### Description of the task
Transcribe word for word the lines below from the line with "The background of" through the line with "CCAH23LP1480T1 BSMI認證碼: D38330", ends included.

### Dataset records

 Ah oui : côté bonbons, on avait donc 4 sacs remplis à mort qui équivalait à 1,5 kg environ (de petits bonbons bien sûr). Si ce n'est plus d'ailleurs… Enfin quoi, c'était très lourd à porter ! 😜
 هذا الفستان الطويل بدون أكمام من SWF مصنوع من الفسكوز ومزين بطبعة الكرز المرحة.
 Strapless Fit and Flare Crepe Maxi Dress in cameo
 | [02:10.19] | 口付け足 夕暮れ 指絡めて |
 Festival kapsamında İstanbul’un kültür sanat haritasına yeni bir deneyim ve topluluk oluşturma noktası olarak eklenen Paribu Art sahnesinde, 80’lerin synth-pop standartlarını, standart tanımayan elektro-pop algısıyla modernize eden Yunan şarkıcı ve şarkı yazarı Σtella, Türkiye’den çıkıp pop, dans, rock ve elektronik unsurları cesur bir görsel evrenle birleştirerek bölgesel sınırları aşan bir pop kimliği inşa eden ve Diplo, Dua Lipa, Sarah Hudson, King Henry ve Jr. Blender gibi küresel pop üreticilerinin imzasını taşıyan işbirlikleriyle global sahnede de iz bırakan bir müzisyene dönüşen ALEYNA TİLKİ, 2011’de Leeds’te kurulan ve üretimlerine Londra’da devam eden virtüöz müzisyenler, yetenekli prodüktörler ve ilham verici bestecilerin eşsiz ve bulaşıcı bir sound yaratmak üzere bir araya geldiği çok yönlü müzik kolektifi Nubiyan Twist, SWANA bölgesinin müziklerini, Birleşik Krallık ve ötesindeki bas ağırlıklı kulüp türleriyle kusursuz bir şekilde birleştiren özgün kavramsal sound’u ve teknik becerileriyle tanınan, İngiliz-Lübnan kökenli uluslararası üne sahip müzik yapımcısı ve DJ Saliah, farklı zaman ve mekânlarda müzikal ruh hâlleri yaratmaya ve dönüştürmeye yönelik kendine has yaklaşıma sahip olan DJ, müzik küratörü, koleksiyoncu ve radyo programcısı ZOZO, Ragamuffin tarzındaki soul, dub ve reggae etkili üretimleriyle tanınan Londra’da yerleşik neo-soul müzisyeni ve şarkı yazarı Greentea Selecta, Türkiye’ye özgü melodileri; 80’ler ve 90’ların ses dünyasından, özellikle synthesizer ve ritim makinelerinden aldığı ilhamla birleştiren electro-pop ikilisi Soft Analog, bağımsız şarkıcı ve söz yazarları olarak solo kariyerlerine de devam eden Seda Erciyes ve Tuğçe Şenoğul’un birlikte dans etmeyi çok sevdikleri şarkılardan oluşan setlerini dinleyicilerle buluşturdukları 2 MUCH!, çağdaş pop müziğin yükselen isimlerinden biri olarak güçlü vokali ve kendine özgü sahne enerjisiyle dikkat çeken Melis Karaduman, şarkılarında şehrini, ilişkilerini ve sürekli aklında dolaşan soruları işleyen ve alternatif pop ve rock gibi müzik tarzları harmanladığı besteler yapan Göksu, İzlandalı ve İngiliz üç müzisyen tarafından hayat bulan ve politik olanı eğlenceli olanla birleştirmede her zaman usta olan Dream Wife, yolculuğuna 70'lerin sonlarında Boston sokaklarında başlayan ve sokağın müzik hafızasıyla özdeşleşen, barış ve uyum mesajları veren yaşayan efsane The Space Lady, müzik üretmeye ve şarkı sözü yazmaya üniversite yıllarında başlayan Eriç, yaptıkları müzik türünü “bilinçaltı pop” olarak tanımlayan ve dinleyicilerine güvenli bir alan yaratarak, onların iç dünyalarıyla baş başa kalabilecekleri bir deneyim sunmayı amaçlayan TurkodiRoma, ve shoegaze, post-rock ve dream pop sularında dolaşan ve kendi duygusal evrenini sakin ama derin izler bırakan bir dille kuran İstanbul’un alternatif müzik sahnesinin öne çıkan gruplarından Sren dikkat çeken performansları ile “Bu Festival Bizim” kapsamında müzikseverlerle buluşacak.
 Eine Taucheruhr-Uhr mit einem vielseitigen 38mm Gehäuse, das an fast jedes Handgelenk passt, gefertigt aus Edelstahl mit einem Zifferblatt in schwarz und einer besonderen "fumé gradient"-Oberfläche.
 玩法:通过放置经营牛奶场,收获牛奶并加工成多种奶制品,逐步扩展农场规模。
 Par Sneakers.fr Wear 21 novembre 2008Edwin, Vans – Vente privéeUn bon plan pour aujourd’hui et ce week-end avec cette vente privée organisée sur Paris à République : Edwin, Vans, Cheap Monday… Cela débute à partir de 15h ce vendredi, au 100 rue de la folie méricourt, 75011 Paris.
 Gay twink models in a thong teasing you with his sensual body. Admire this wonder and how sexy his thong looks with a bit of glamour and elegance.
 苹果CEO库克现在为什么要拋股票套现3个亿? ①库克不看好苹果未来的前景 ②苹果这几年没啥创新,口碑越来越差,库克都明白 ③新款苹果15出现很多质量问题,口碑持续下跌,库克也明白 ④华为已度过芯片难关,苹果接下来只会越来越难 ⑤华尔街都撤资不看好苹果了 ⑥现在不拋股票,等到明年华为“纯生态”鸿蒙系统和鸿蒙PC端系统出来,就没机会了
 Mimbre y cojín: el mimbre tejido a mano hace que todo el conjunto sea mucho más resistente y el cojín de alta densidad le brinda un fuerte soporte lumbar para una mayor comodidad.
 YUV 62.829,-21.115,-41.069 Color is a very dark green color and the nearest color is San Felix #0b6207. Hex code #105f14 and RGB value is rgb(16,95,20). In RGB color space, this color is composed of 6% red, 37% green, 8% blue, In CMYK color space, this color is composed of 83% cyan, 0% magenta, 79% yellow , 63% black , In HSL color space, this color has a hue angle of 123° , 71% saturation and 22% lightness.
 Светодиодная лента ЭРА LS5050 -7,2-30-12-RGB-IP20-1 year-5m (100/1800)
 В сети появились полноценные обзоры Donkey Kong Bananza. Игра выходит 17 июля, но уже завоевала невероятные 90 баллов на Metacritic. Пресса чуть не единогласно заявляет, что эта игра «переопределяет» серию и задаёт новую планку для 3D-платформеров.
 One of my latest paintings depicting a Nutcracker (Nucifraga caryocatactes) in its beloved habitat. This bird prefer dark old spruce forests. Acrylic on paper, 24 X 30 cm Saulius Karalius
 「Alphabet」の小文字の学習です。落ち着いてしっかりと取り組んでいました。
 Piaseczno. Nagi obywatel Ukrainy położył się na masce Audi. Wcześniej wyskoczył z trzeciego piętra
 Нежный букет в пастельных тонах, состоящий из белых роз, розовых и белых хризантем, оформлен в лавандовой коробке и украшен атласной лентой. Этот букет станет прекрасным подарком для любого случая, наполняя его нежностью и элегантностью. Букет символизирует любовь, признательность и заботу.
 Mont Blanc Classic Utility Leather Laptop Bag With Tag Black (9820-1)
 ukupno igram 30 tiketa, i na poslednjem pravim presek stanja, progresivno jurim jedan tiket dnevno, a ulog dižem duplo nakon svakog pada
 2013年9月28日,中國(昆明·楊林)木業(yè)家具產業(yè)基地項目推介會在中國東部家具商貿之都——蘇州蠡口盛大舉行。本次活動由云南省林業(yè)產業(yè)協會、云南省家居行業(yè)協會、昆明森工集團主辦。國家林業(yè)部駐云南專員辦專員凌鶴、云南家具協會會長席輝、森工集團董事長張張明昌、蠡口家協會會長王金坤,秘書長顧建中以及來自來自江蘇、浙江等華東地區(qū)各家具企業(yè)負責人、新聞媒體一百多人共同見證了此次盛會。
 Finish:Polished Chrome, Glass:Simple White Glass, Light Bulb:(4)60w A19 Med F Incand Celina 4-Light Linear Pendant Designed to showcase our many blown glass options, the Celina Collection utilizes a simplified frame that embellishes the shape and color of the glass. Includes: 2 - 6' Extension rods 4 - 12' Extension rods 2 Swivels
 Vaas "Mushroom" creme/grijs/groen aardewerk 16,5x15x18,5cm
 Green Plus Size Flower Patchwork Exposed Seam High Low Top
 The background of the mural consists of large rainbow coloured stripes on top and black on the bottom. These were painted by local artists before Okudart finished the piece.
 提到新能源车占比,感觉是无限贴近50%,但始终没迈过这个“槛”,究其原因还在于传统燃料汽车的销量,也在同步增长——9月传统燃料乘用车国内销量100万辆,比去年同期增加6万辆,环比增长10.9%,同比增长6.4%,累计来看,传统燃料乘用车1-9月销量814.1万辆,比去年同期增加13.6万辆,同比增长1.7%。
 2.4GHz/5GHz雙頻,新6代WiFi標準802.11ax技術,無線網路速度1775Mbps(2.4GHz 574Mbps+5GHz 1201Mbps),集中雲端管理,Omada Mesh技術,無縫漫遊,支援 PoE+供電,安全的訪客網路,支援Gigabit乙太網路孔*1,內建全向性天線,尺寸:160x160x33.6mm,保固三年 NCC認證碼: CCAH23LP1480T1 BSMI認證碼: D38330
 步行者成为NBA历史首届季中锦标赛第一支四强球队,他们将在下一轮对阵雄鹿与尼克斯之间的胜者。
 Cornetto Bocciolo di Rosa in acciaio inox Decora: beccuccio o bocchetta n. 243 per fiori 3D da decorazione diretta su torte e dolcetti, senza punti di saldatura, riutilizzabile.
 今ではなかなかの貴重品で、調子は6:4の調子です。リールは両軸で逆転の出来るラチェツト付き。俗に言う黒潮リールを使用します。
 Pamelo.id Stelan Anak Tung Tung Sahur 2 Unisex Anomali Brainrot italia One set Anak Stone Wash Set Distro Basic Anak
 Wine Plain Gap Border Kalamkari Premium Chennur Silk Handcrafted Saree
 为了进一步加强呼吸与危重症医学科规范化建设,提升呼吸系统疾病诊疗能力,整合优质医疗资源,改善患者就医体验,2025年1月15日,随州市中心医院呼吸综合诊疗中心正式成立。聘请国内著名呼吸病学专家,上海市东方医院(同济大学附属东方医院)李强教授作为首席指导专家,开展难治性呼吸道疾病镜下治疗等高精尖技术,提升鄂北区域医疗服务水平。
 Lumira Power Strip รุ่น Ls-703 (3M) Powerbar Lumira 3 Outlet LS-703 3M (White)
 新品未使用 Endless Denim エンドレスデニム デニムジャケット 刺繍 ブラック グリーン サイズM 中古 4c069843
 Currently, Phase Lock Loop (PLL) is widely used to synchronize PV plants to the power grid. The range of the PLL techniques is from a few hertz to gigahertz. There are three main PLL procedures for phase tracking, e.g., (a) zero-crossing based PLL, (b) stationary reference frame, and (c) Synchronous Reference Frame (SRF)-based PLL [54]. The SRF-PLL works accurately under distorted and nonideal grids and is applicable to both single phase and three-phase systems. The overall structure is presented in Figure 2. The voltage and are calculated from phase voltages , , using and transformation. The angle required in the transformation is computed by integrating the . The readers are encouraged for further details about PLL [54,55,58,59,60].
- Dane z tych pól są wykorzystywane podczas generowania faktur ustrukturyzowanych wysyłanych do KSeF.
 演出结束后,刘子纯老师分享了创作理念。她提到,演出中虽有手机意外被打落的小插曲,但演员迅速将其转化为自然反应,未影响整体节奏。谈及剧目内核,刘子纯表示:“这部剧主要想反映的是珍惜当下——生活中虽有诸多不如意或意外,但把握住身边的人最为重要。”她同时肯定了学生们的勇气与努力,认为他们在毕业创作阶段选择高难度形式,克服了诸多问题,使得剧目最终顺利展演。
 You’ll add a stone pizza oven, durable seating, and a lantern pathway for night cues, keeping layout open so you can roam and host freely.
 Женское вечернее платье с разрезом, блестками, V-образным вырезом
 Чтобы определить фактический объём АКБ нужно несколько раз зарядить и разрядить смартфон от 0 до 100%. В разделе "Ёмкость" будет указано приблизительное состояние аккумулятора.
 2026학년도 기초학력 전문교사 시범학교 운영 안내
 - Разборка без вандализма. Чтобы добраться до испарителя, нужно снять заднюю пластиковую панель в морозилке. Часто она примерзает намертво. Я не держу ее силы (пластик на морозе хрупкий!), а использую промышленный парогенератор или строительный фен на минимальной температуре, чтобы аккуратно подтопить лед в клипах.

### Solution for this task
 The background of the mural consists of large rainbow coloured stripes on top and black on the bottom. These were painted by local artists before Okudart finished the piece.
 提到新能源车占比,感觉是无限贴近50%,但始终没迈过这个“槛”,究其原因还在于传统燃料汽车的销量,也在同步增长——9月传统燃料乘用车国内销量100万辆,比去年同期增加6万辆,环比增长10.9%,同比增长6.4%,累计来看,传统燃料乘用车1-9月销量814.1万辆,比去年同期增加13.6万辆,同比增长1.7%。
 2.4GHz/5GHz雙頻,新6代WiFi標準802.11ax技術,無線網路速度1775Mbps(2.4GHz 574Mbps+5GHz 1201Mbps),集中雲端管理,Omada Mesh技術,無縫漫遊,支援 PoE+供電,安全的訪客網路,支援Gigabit乙太網路孔*1,內建全向性天線,尺寸:160x160x33.6mm,保固三年 NCC認證碼: CCAH23LP1480T1 BSMI認證碼: D38330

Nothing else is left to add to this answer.